专用无线网络助力加州(California)葡萄园的拖拉机保持顺畅运行。

图片说明:Federated Wireless和Blue White Robotics与英特尔合作,为加州葡萄园的拖拉机提供自动驾驶技术。其中一款拖拉机在今年5月的英特尔On产业创新峰会(Intel Vision)上亮相,这款拖拉机可自动执行重复性任务,并把工人从繁琐任务中解放出来,从而腾出精力处理价值更高的任务。
最新消息:在英特尔On 产业创新峰会(Intel Vision)上,英特尔展示了当公司将高带宽、低时延的专用5G无线网络与边缘计算设备结合使用时所带来的可能性。英特尔与Federated Wireless(无线基础设施解决方案提供商)和Blue White Robotics(以色列自动驾驶解决方案提供商)合作,为加州葡萄园的自动驾驶拖拉机提供技术支持,使其能够自动执行重复性任务,并将工人从繁琐任务中解放出来,从而腾出精力去处理价值更高的任务。
英特尔副总裁兼网络业务孵化器部门总经理Caroline Chan表示:“展望自动化农业的未来时,我们对5G边缘解决方案的前景感到非常乐观,并相信这些解决方案能够帮助客户创造新的业务和收入模式。”
运作方式:在农场主绘制好拖拉机的路线后,车队就可以开始工作了。拖拉机在无人驾驶的情况下,以两班倒的方式、24小时不间歇地穿梭于葡萄园中。此外,拖拉机上配备的传感器还可检测到路径中出现的障碍物,而其他传感器则可引导拖拉机避开这些障碍物。
在三方合作的一年多时间里,自动拖拉机被安排针对农场两平方英里的葡萄藤执行除草、割草和喷洒除草剂等重复性任务。
和大多数农场一样,这里远离城市,没有足够的蜂窝网络或宽带连接来覆盖至各个角落。网络连接上的不足也意味着传感器无法从农场设备中收集实时数据或自动化处理农场任务。因此,Federated Wireless还部署了一个专用无线网络来克服场地内的连接障碍。
该专用无线网络由一台配备六核英特尔®至强™ D-1528处理器的边缘服务器提供支持,该服务器还利用英特尔® Smart Edge™软件将自动拖拉机和传感器连接到一起。

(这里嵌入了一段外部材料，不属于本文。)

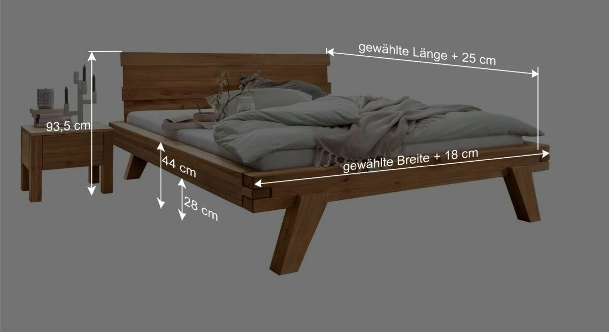 Breite + 18 cm - Kopfteilhöhe: 93,5 cm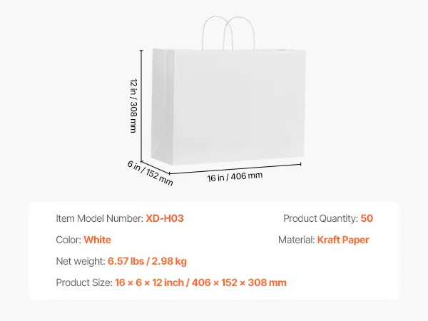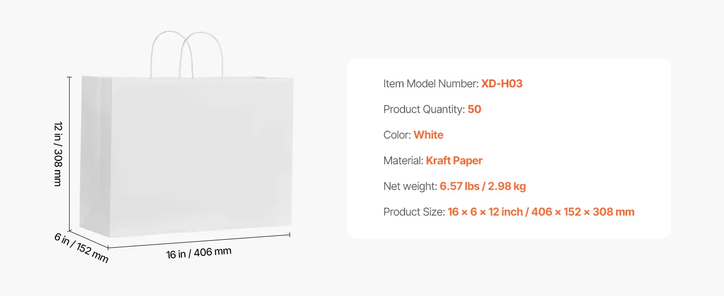 Torby papierowe VEVOR Kraft, opakowanie 50 szt., torby prezentowe z uchwytami, 406 x 152 x 308 mm, duże torby na zakupy, papierowe torby na zakupy, torby Kraft, na urodziny, wesela, zakupy, prezenty, białe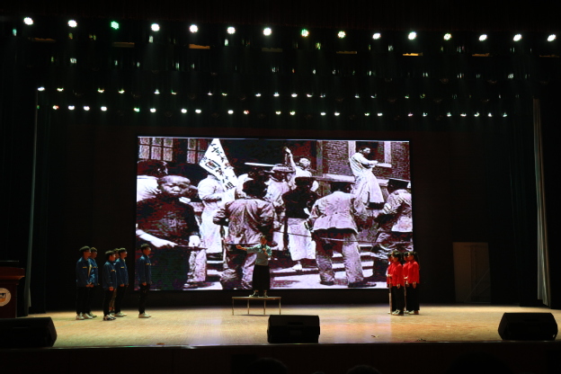 在“百年五四,薪火相传”环节,伴随着一段巴黎和会中国外交失败的视频,情景剧《五四那一天》拉开了序幕,一群身穿五四装的青年学生从报纸上得知巴黎和会中国外交失败的事实,决心开始通过示威游行、请愿等多种形式进行反抗,但因为他们的力量不足以对抗政府,他们又到广大群众、市民、工商人士等阶层中去宣扬,有了这些阶级的支持,五四运动达到了高潮,“废除21条”、“外争国权,内除国贼”的口号在礼堂上空回荡,一时间现场气氛高涨。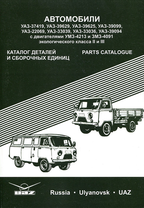 Полный заводской каталог деталей, запчастей и сборочных единиц автомобилей УАЗ 3741, 3962, 2206, 3303. В этом оригинальном каталоге все сборочные единицы и детали сгруппированы по конструктивному и функциональному признакам. Рисунки сборочных единиц, компонентов и деталей UAZ 3741, 3962, 2206, 3303 расположены в порядке сборки и их взаимодействия в данной сборке, что способствует лучшему ознакомлению с конструкцией автомобиля и правильной разборке и сборке сборочных единиц.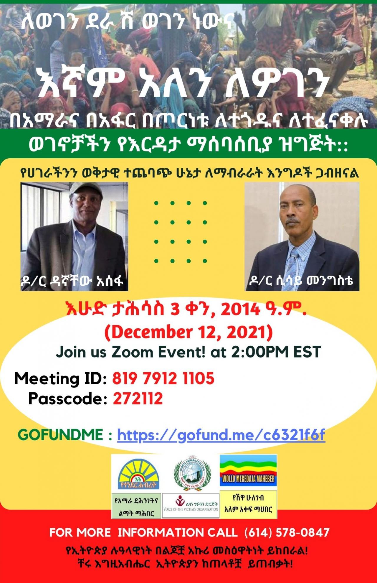 GoFundMe Link: Fundraiser set up by the 6 organizations mentioned below : በአማራ እና በአፋር ለተጎዱና ለተፈናቀሉ ወገኖች የእርዳታ ማሰባሰቢያ ዝግጅት (gofundme.com)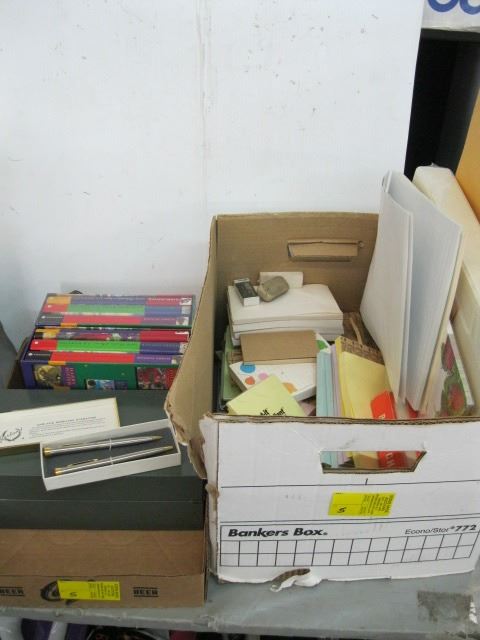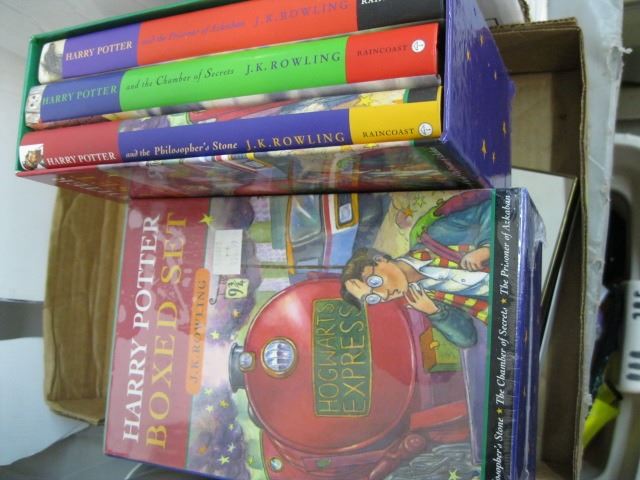 2 BOXES OF MISC POST IT NOTES, HARRY POTTER BOOKS ETC.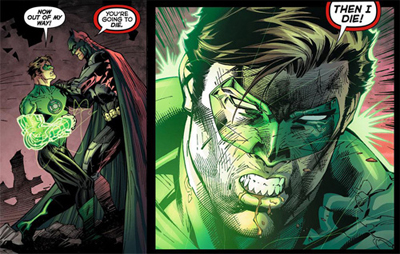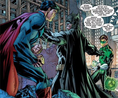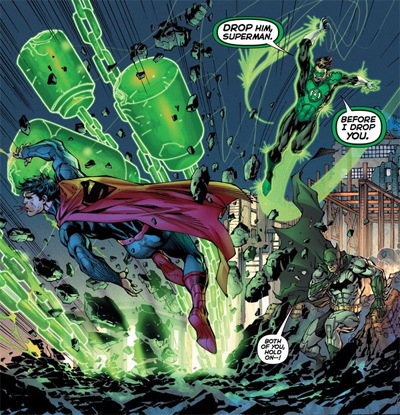 Hal Jordan is probably the character on the roster that Johns has written most. Perhaps as a result of that, Hal is the character that Johns feels least afraid to portray as juvenile and immature. At this point in the book, Johns’ Green Lantern seems almost singularly unsuited to the role of hero. He seems to be cruising for a fight. He’s ready to fight Batman (even though Batman is smart enough not to engage him) and is over-confident and over-eager to take on Superman.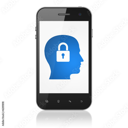 Business concept: Head With Padlock on smartphone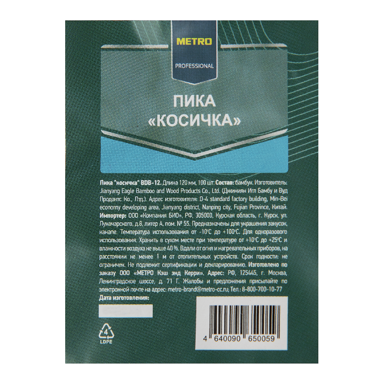 METRO PROFESSIONAL Пика Косичка бамбуковая 12см, 100шт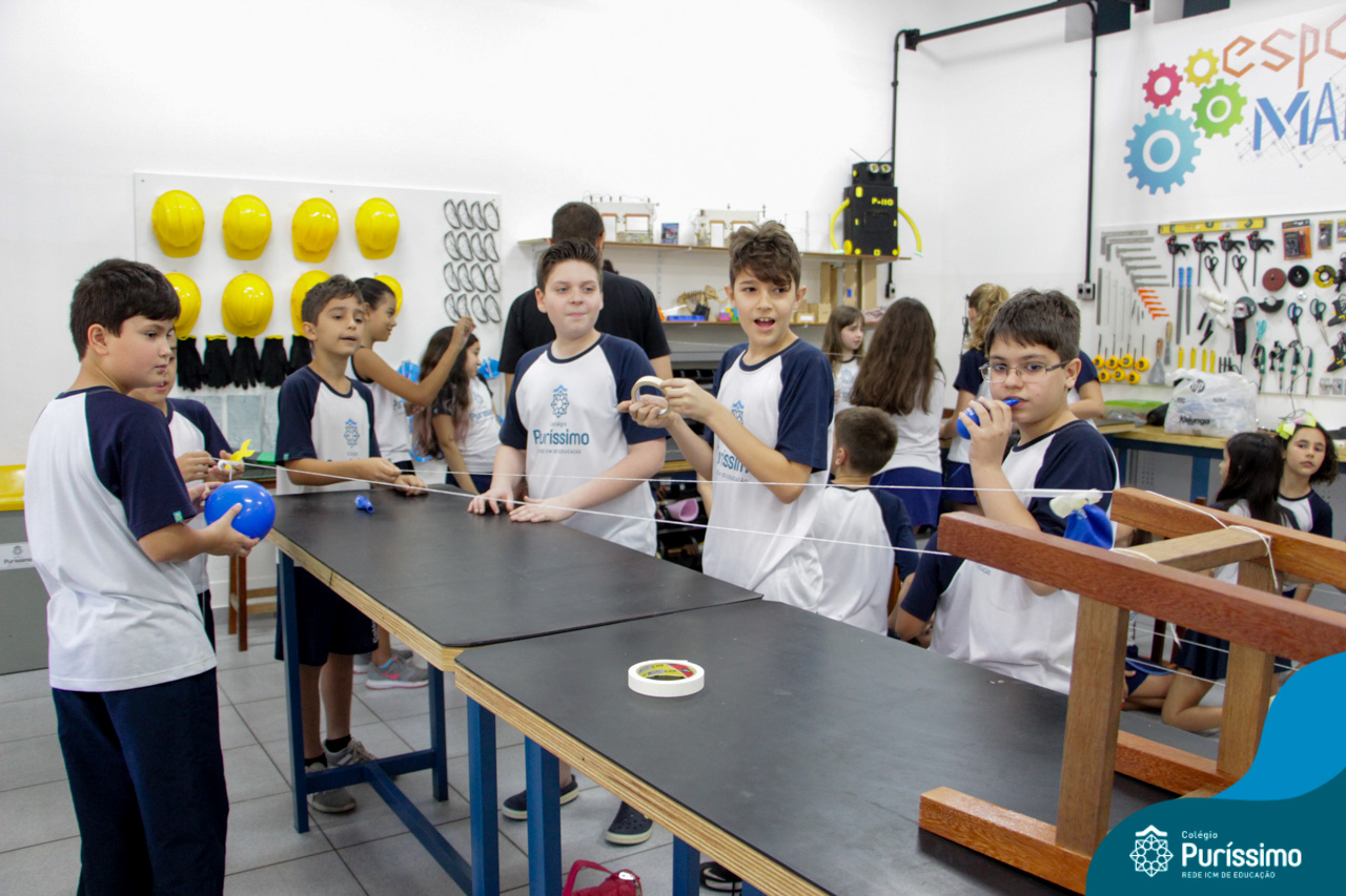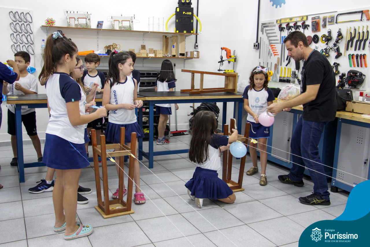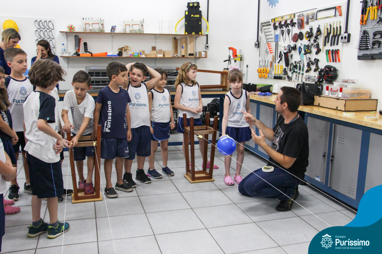 A brincadeira do professor Filippi Ongarelli, responsável pelo Espaço Maker, uniu física, raciocínio lógico e muita diversão!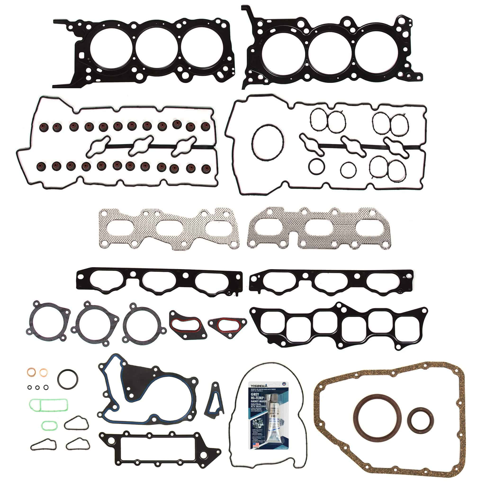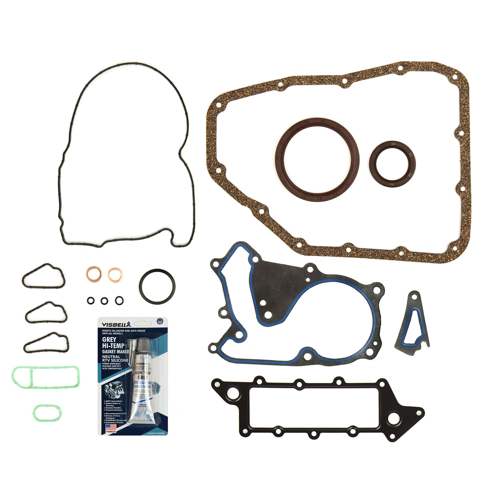 Este artículo incluye: Junta de culata de acero de múltiples capas (MLS), Junta de tapa de válvula, Sellos de vástago de válvula, Junta de múltiple de admisión, Junta de múltiple de escape, Sello de leva delantero, Anillos tóricos, Sello de cigüeñal delantero, Sello principal trasero, Junta de bomba de agua, Otras juntas pequeñas, Silicona RTV.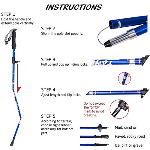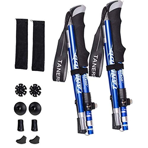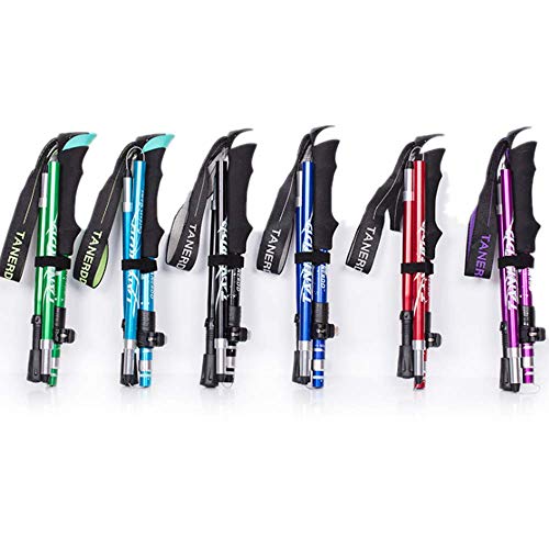 - Bastoni da trekking pieghevoli a 5 sezioni: con sistema Quick Lock è possibile regolare rapidamente i bastoncini da passeggio da 44" a 53", perfetti per diverse altezze indipendentemente da uomini corti o alti, donne e bambini.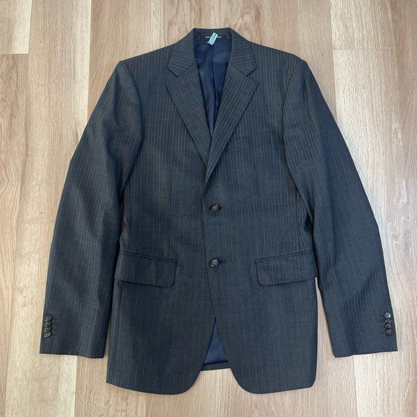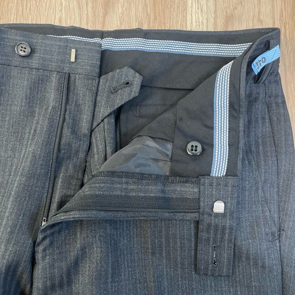 【商品名】テーラードジャケット・スラックス スーツセットアップ ウール ストライプ B92・W83 おまけ他ブランドベスト付き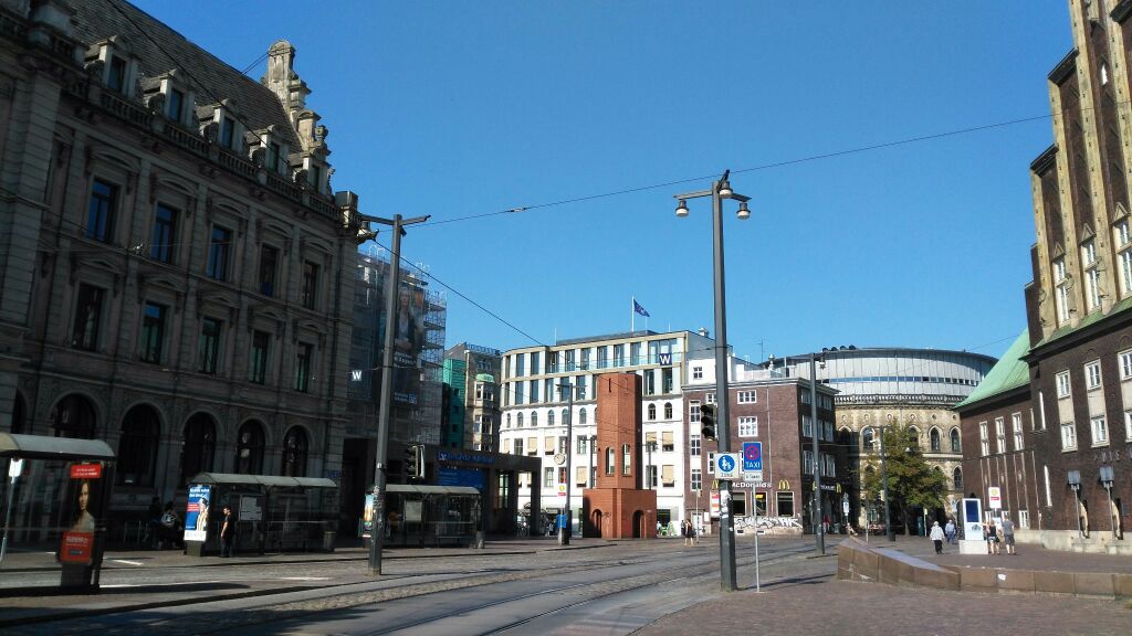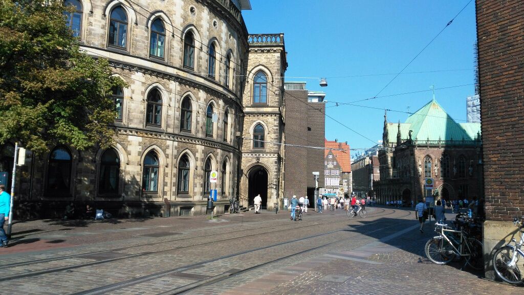 不来梅中心广场是典型的德国中小城市广场,非常的热闹不来梅中心广场是典型的德国中小城市广场,非常的热闹。有一条电车轨道正好从市政厅门口经过,每当电车经过的时候,站在广场上有一种现代和古典交错的美感,常常也会有街头艺人演奏乐曲,那种感觉真的特别欧洲!

与此同时,自动化设备专家Blue White Robotics还提供了将现有 John Deere拖拉机转变为自动驾驶机器车队的套件。
重要意义:英特尔网络与边缘解决方案事业部专用无线网络与边缘计算总监Bhupesh Agrawal说:“Blue White Robotics向我们提出了一个具体问题。他们在乡下农田拥有一支自动化拖拉机车队,但这些机器无法相互通信,因为农场几乎没有网络连接,这也就意味着他们没有机会处理实时数据。”
后续计划:Agrawal和他的团队正在把目光投向葡萄藤之外的下一个重大挑战。他们希望把这项技术扩大应用至柑橘农场和坚果农场,同时在此过程中不断进行技术迭代。
为什么选择坚果农场?主要是为了积极迎接挑战。以对加州经济非常重要的作物夏威夷果为例,密密麻麻的坚果树丛的种植环境比修剪整齐的葡萄藤要复杂得多。
在Agrawal眼里,这些农场并非只是密密丛丛的植物,也是有价值的信息来源。每株植物都是一个数据源,能够驱动发掘边缘计算的无限潜能,但前提是我们能够妥善捕获和处理这些数据。这样一来,这些植物就可以对我们的客户、合作伙伴和所在社区做出更大贡献。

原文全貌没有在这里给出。